### REQUIRED ACTION:
Take the lines below from the one with "I think that" through the one with "Mặt tiền ngôi" and retype them exactly. Include nothing else, and no pictures.

### DATA PROVIDED:
◇ ◇ ◇ ◇ ◇ ◇ ◇
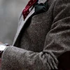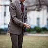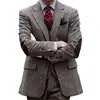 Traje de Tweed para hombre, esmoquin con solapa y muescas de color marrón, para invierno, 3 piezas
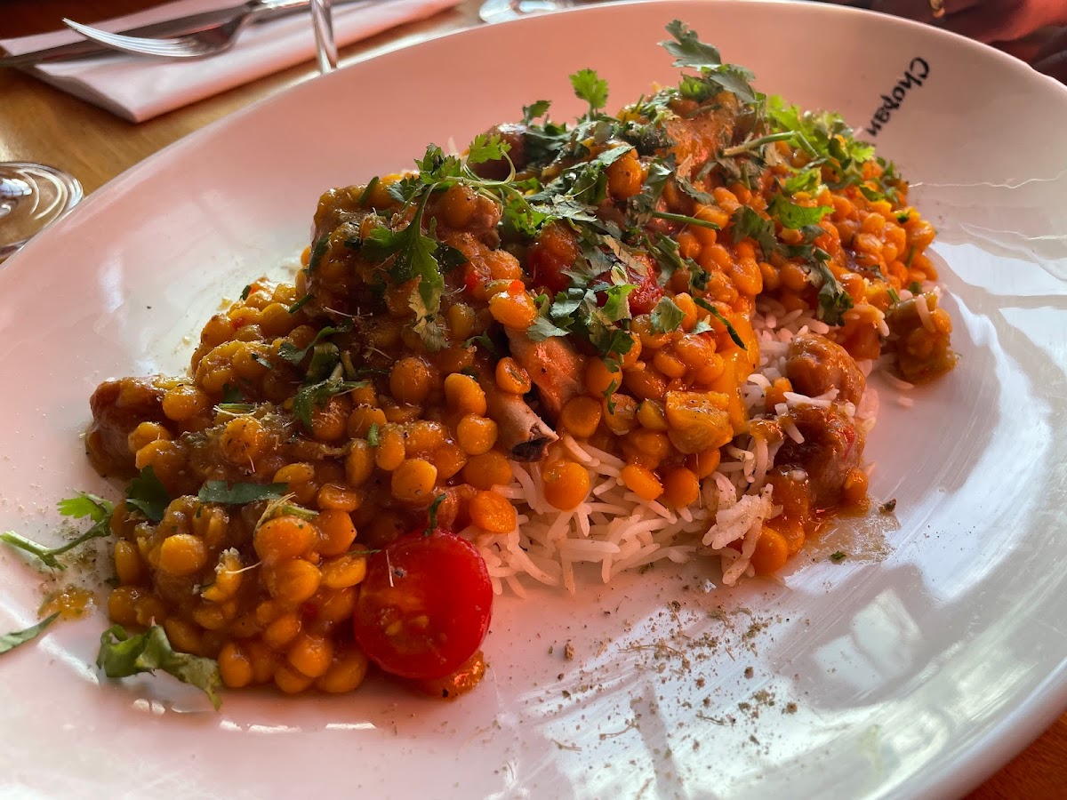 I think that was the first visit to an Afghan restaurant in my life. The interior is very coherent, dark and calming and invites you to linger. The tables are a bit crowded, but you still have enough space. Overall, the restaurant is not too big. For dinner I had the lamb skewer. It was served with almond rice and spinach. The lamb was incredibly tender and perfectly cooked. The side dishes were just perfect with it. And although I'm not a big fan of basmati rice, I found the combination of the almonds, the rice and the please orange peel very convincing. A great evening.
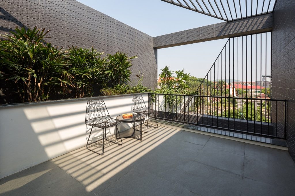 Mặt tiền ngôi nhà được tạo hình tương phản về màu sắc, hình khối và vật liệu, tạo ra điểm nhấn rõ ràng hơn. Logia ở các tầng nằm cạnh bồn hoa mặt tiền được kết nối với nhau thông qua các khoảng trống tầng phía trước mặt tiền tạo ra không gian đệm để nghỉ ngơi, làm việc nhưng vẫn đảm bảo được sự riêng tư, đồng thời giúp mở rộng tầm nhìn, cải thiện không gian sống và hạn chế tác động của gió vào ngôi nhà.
◇ ◇ ◇ ◇ ◇ ◇ ◇
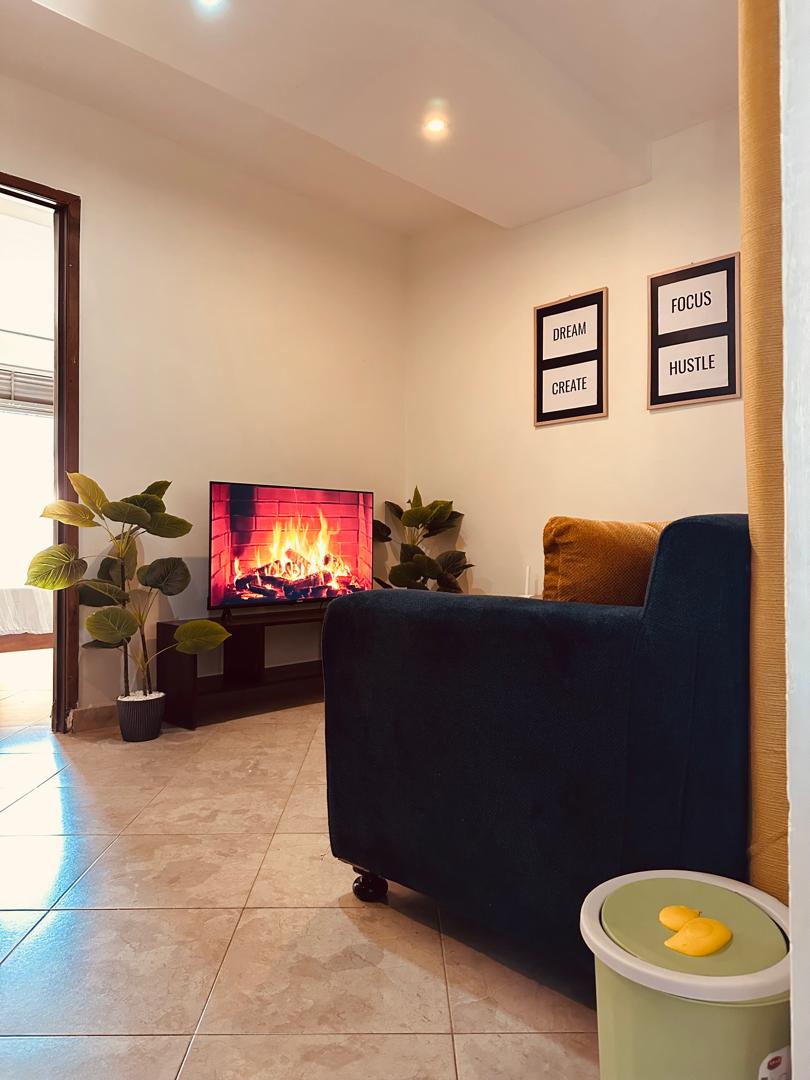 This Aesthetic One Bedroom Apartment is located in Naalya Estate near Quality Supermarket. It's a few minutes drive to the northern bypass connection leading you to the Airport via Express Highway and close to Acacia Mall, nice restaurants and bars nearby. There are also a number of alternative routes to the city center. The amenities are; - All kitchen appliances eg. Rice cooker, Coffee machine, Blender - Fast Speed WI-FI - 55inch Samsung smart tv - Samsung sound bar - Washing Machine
◇ ◇ ◇ ◇ ◇ ◇ ◇
### WRITTEN SOLUTION:
 I think that was the first visit to an Afghan restaurant in my life. The interior is very coherent, dark and calming and invites you to linger. The tables are a bit crowded, but you still have enough space. Overall, the restaurant is not too big. For dinner I had the lamb skewer. It was served with almond rice and spinach. The lamb was incredibly tender and perfectly cooked. The side dishes were just perfect with it. And although I'm not a big fan of basmati rice, I found the combination of the almonds, the rice and the please orange peel very convincing. A great evening.
 Mặt tiền ngôi nhà được tạo hình tương phản về màu sắc, hình khối và vật liệu, tạo ra điểm nhấn rõ ràng hơn. Logia ở các tầng nằm cạnh bồn hoa mặt tiền được kết nối với nhau thông qua các khoảng trống tầng phía trước mặt tiền tạo ra không gian đệm để nghỉ ngơi, làm việc nhưng vẫn đảm bảo được sự riêng tư, đồng thời giúp mở rộng tầm nhìn, cải thiện không gian sống và hạn chế tác động của gió vào ngôi nhà.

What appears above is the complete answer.